The artist exists on the periphery of our conscious lives, on the outskirts, warmed and degenerated through his striving to seek. This great search leads him, in a society such as ours, to live in permanent turmoil, as this anxiety functions as the bridge between his creations and his physiological downfall.

The need for the artist is fundamental in our society, despite him having little influence on the socioeconomic and political realms that define mankind’s momentum and shape the priority-driven game modes of our lives. His service is greatly rewarded, yet his inner processes are largely abandoned by society. The surface of his inner life is ruined by external daggers of language and image projection. He carries within him a skeptical view of his own existence, as if he is spying on another entity within his body—some other deliverer of soul, a vessel of sorts for an ethereal source of conscious medium. His entire life is spent trying to make contact with this source, for when he does, the gates of genius are opened, and our society is renewed individually.

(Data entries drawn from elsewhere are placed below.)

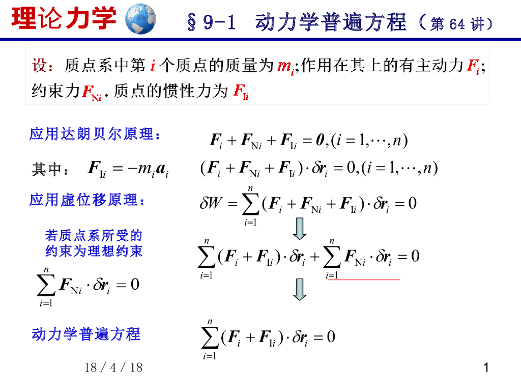 《理论力学》演示文稿-动力学普遍方程(2).pdf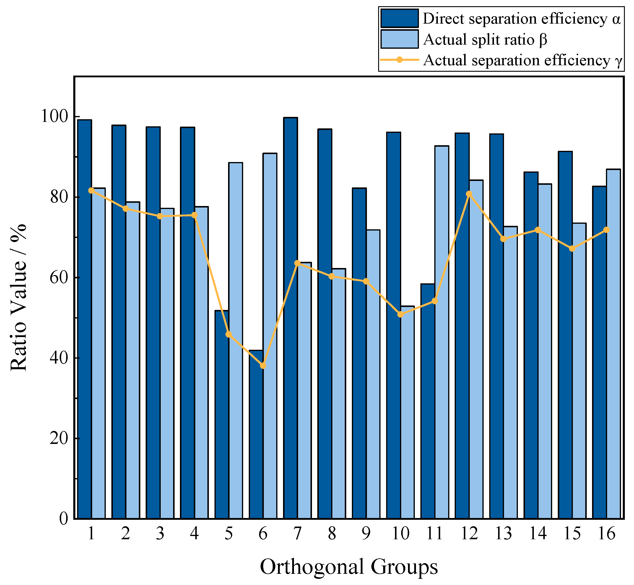 - To reflect the influence of mixed-phase entrainment, a more comprehensive evaluation framework is adopted. The direct separation efficiency α measures gas capture in the overflow stream, while the split ratio β describes the flow partition between the overflow pipe and the underflow orifice. The actual separation efficiency γ combines α and β and therefore represents gas removal under a given split, inherently accounting for liquid carryover. This metric provides a stronger basis for geometry optimization and for fair performance comparison across designs.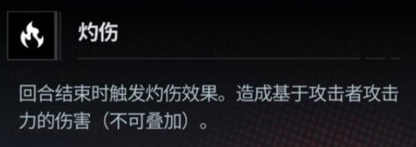 1、对敌方发起烧伤行动后,会造成等同于施加者攻击力百分比的伤害,该效果不可叠加。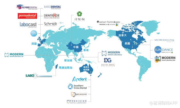 据了解,现代牙科是一家全球性的义齿器材供应商,下游客户包括牙医、牙科诊所、医院、经销商等,在西欧、澳洲、中国内地及香港占最大市场份额。其产品组合可大致分为三条产品线:固定义齿器材,例如牙冠及牙桥;活动义齿器材,例如活动基托;及其他器材,例如正畸类器材,运动防护器及防鼾器。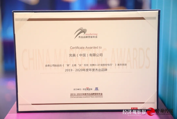 完美公司榮獲“2019-2020年度杰出品牌營銷獎”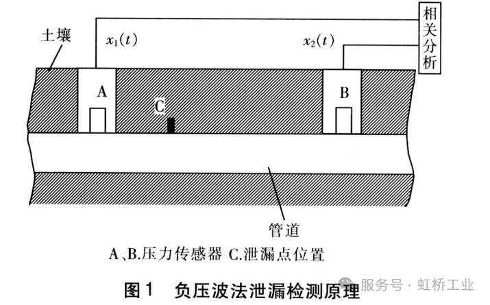 在管道两端安装的压力传感器可以捕捉到包含泄漏信息的负压波,由负压波的传播速度和管道首末两端压力传感器捕捉到负压波的时间差可以计算出泄漏位置。

As art favors this aim, its direction is implemented on the individual level and, in turn, moves the collective. This is how artistic movements are made and carried forward. Each year—and, in our modern era, each month—new forms of art and genres are defined, despite all stemming from the same specific intentions, often from the same mind in different bodies. Therefore, as our souls are reflections, these great artistic minds that inherit our history are ours.

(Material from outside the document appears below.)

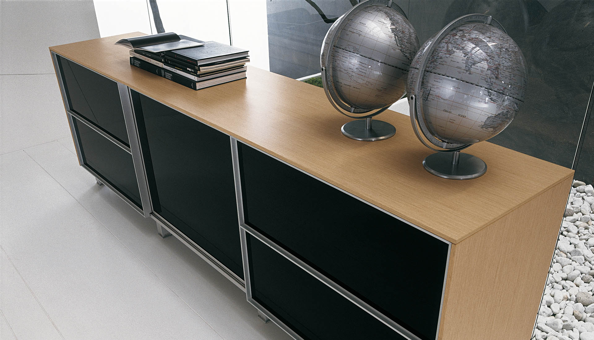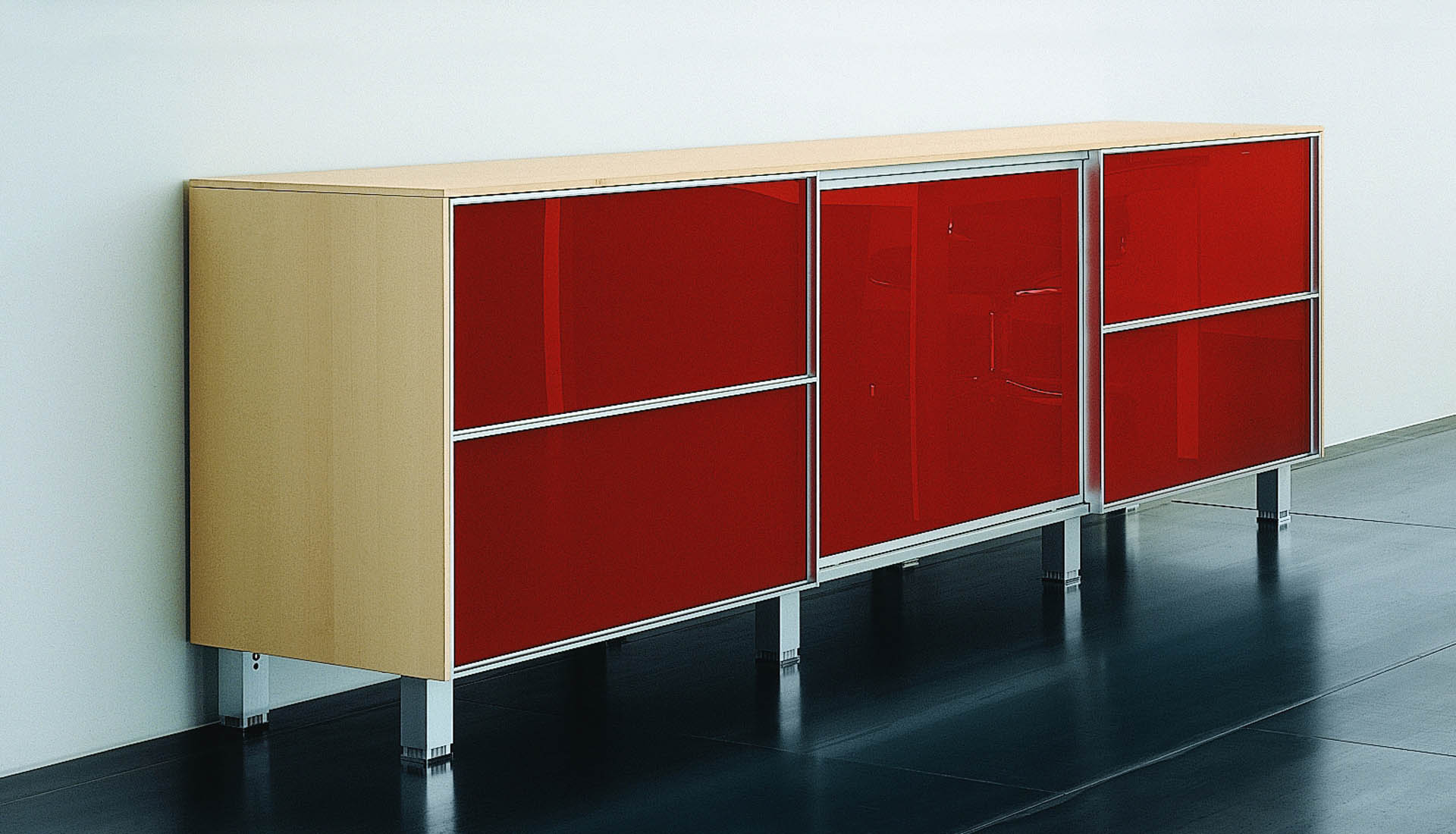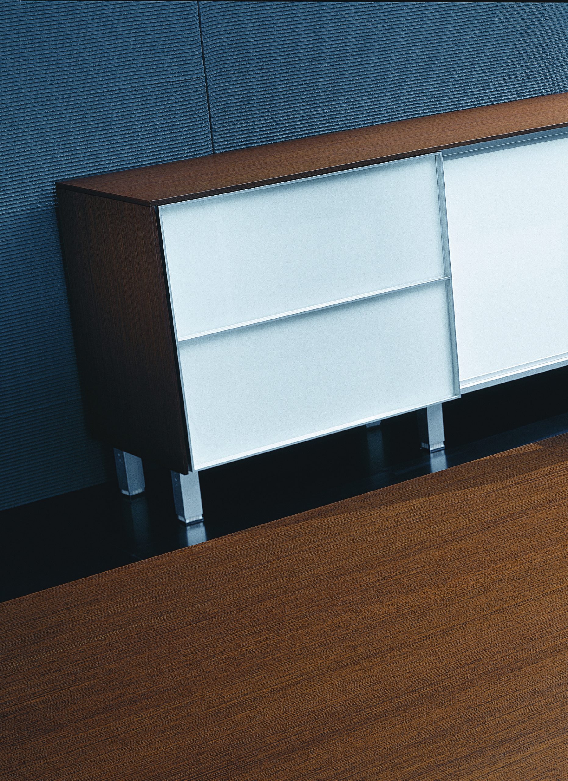 Crédence à porte coulissante avec une structure de 20 mm d’épaisseur.

They come from the singular artist—the one mad enough to alchemize himself onto the material—who is shunned and ridiculed. Yet, through this process, the very callings of his supernatural searchings are wielded further, imbued into the embroiled flesh of his work. His artistic prowess as a discipline to overcome himself succeeds through the judgment of the flock.

Strangely enough, his intention to be judged is the pillar of his framework. He relies on the flock, for he desires to liberate them from their shackles. His eyes are new, and theirs seem old; he sees what others cannot, and he is bound to them as all: slave, master, and guide.

For every genius who has lived, they have suffered greatly. This reveals that the artist’s journey through these channels of the human condition entails greater burdens for himself in for the eventual achievement of liberating the masses after they he has left the earth. We seek their vision, and their purpose proposes a new mind, a new hope. The loneliness of the mad one, who seeks the prayers of his own visions—the shaman in action—is dreamt to suffer alone until he rises from the dead, and humanity, at last, celebrates his findings.

I assume that at our cores, we are all these artistic types. We possess instincts to implement life in a manner different from how we carry and live through it daily. We abide by this distinction between our identities and freedoms, understanding them to be free, yet we dare to harmonize with the true callings of these freedoms. If man is animal, his art is his beast upon the physical. However, whatever form this takes becomes our imprint on the earth—the fever of cosmic dancing, shattering the ropes of spirit bound to strive.

The artist is abused because his story is absent from the scripts of these social and economic gulags we name industry. The true artist is a thief of humanity; he steals everything from everyone and turns his crime against the species into a pharmakon, an elixir that may take centuries to deliver to the right minds. In return for his crimes, this poison no longer carries its deadliness. The prima materia is the secret the artist guards from humanity

Yet, during his waking hours, the torment and shame of his destiny estrange his serenity from the gates of fate. He serves no purpose to himself, and therefore he must live to suffer. Only through the completion of his work does his name live, as a feature of his identity. I ask that we call upon this life of ours in this manner, for we all serve the same purpose, though few are daring enough to perform its rites for the mass benefit of harmony between all. In the sacred hours of your final moments, the soul shall be set free.